Kernel crashes on specific Orin NX modules

Hello!

We have some more insights now, which I’d like to share.

  • The crashes also occur on some Orin 8GB modules with an “A23” in the silkscreen label.
    Still, the crashes still seem to occur only on a subset of the modules.

  • I have built a Kernel 6.6. with some memory-related debugging options, including the kernel address sanitizer (KAZAN).
    Now, during each startup on a affected Orin module, a bug report is printed by KASAN, see attached kazan_bugreport.txt
    kasan_bugreport.txt (4.8 KB)

This bugreport is not printed on an Orin module that is not prone to kernel crashes reported on the original post.

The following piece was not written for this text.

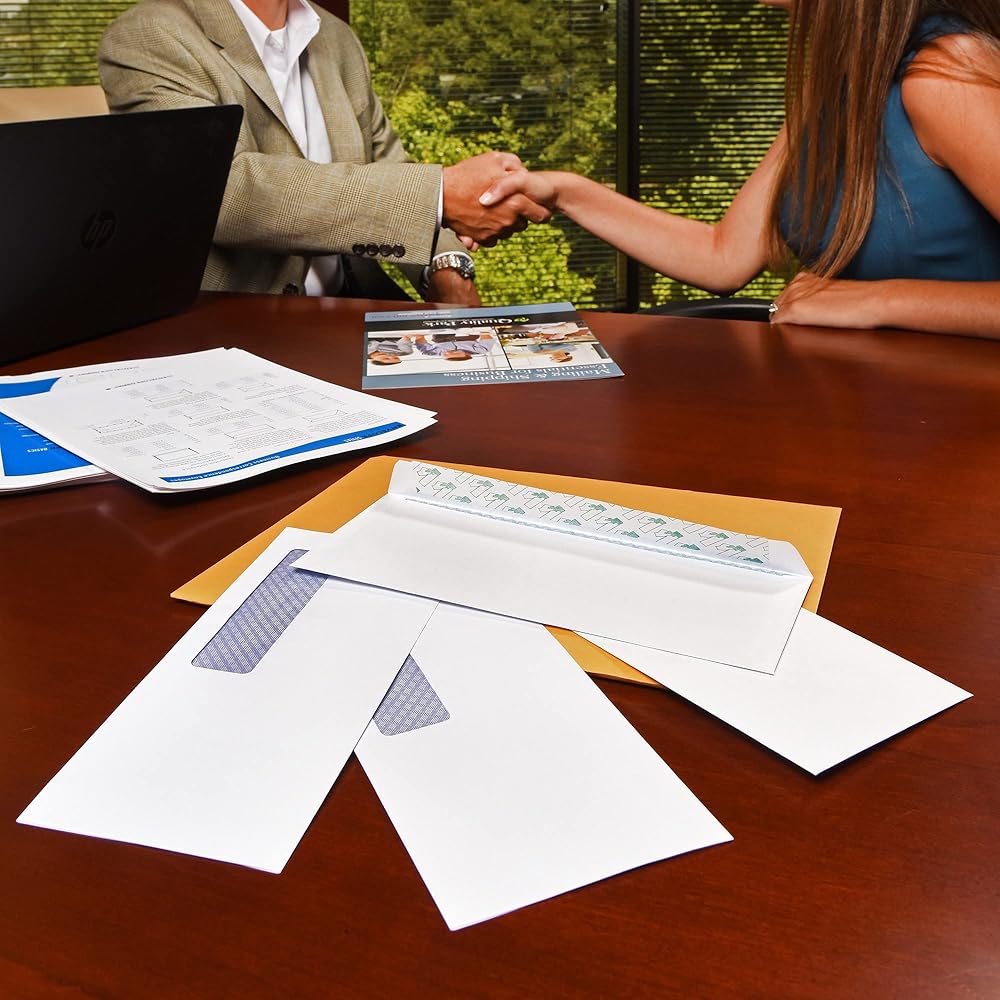 Our 500-ct Quality Park #10 double window envelopes (4-1/8 in x 9-1/2 in) fit select QuickBooks invoices & statements; our self sealing envelopes have Redi-Seal press-to-seal flaps & security tints

BUG: KASAN: slab-out-of-bounds in nvgpu_gr_config_init+0x1468/0x1df8 [nvgpu]
[   17.210205] BUG: KASAN: slab-out-of-bounds in nvgpu_gr_config_init+0x1468/0x1df8 [nvgpu]
[   17.211220] Write of size 8 at addr ffff000090c5bf40 by task nvpmodel/934
[   17.211414] 
[   17.211462] CPU: 0 PID: 934 Comm: nvpmodel Tainted: G           O       6.6.23-<our_kernel_branch> #1
[   17.212944] Hardware name: <Our machine> with Orin NX 8 GB/Jetson, BIOS v36.4.0 10/01/2024
[   17.217289] Call trace:
...
[   17.241437]  nvgpu_gr_config_init+0x1468/0x1df8 [nvgpu]
[   17.246687]  gr_init_support_impl+0x120/0x6a8 [nvgpu]
[   17.251850]  nvgpu_gr_init_support+0x148/0x348 [nvgpu]
...
[   17.489325] The buggy address belongs to the object at ffff000090c5bf38
[   17.489325]  which belongs to the cache kmalloc-8 of size 8
[   17.501050] The buggy address is located 0 bytes to the right of
[   17.501050]  allocated 8-byte region [ffff000090c5bf38, ffff000090c5bf40)
...

I have tried to track the origin of the reported issue, and it looks like it occurs in this line
https://nv-tegra.nvidia.com/r/gitweb?p=linux-nvgpu.git;a=blob;f=drivers/gpu/nvgpu/common/gr/gr_config.c;h=c86bba610c6b1aa57da81824a0128a104e3cd0ae;hb=8a0a5345705e069e398a79dbcba96c5db54a37f1#l699
(apparently same code in BSP 36.4.0 and 36.4.4)

There, an array index “1” is write-accessed, but with debug-logging I found out that the array only was allocated to hold one element about 10 lines above, so this is apparently an array-out-of-bounds access issue.

I can imagine that if the reported nvgpu driver writes data to where it’s not supposed to, then a heap corruption occurs, which could theoretically cause crashes reported above.

I wonder, why this only happens on some specific Orin modules, and not on others.


Edit 2025-04-15: Fixed the link to the OOT module source code.